2. State of the Art defense: if all information was conformed to in the best known manner given the general environment, technology and skill then the company can argue they were acting in a knowing and reasonable manner.

4. In order to avoid potential future liability concerns, SemiCorp should consider implementing language to limit liability and avoid the impression of an implied warranty or warranty of fitness for a particular purpose by implementing the following:
· Providing detailed specifications and limitations of the product without suggestions for use. In this manner a company purchasing the product would be making an independent assessment of what criteria expectations are required in the use of their own products.
· Follow the UCC rules “designed to ensure the buyer is aware of and assents to the disclaimers while excluding implied warranties by using language that calls the buyers attention to the exclusion of the warranties and makes plain there is no implied warranties” [paraphrased from pg. 234]. Basically they should put it in writing and make sure the warning is noticeable, compliant with UCC/other regulatory requirements and read/agreed to by buyers.
· Limit potential remedies by putting into writing
· Provide quality assurance testing measures and make them available to all potential buyers on given failure rate per 1,000; stress loads and other pertinent operating measures.


Question Five

Frederick is a partner in a general partnership that provides investment advice and the sale of securities to the general public. In carrying out partnership business, Johnson became aware that other partners were perpetrating a fraud against a set of customers. Under the circumstances, the fraud would rise to the level of a serious violation of the criminal law. Alarmed, Frederick took his findings to the managing partner, who looked into the matter and discovered that Frederick was correct. The managing partner discussed the matter with the other partners, who voted to expel Frederick from the partnership. Can Frederick sue for wrongful termination of his partnership? The partnership agreement is silent on the subject. Explain your reasoning.
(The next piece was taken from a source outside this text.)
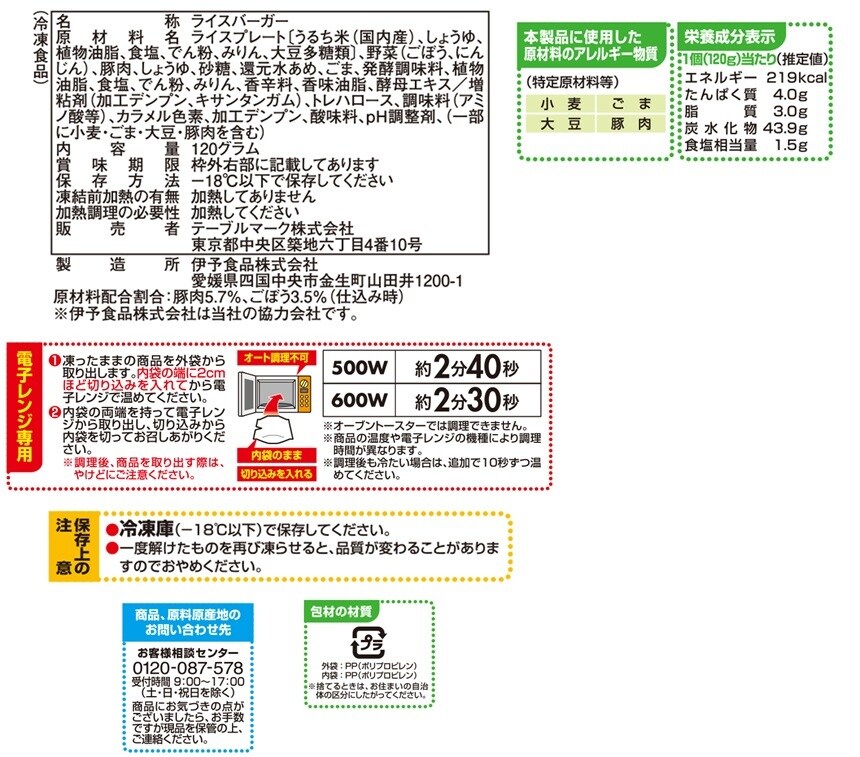 - [冷凍]テーブルマーク ライスバーガー きんぴら 120g×10袋

Yes, Frederick can sue for wrongful termination of his partnership under the whistleblower act which is considered a statutory exception to the “employment at will” concept. Although the partnership agreement was silent and the company is not required to provide an explanation of the decision to terminate partnership in the employment at will situation, the fact that Frederick disclosed a known impropriety/illegal practice to upper management, it was found to be valid would likely resemble retaliation. There are both state and federal protections for whistleblowers and in this case, since it involved securities, it would likely fall under Federal protection and therefore, a Public Policy Exception since there are statutory provision in the securities act to protect the public at large. [Bagley & Dauchy, pgs 303-305. Miller and Jentz, pgs 42 and 900. “Business Law Today, 3rd Edition] –Note-this is NOT an online resource. It’s an old Biz Law book I own and refer to constantly].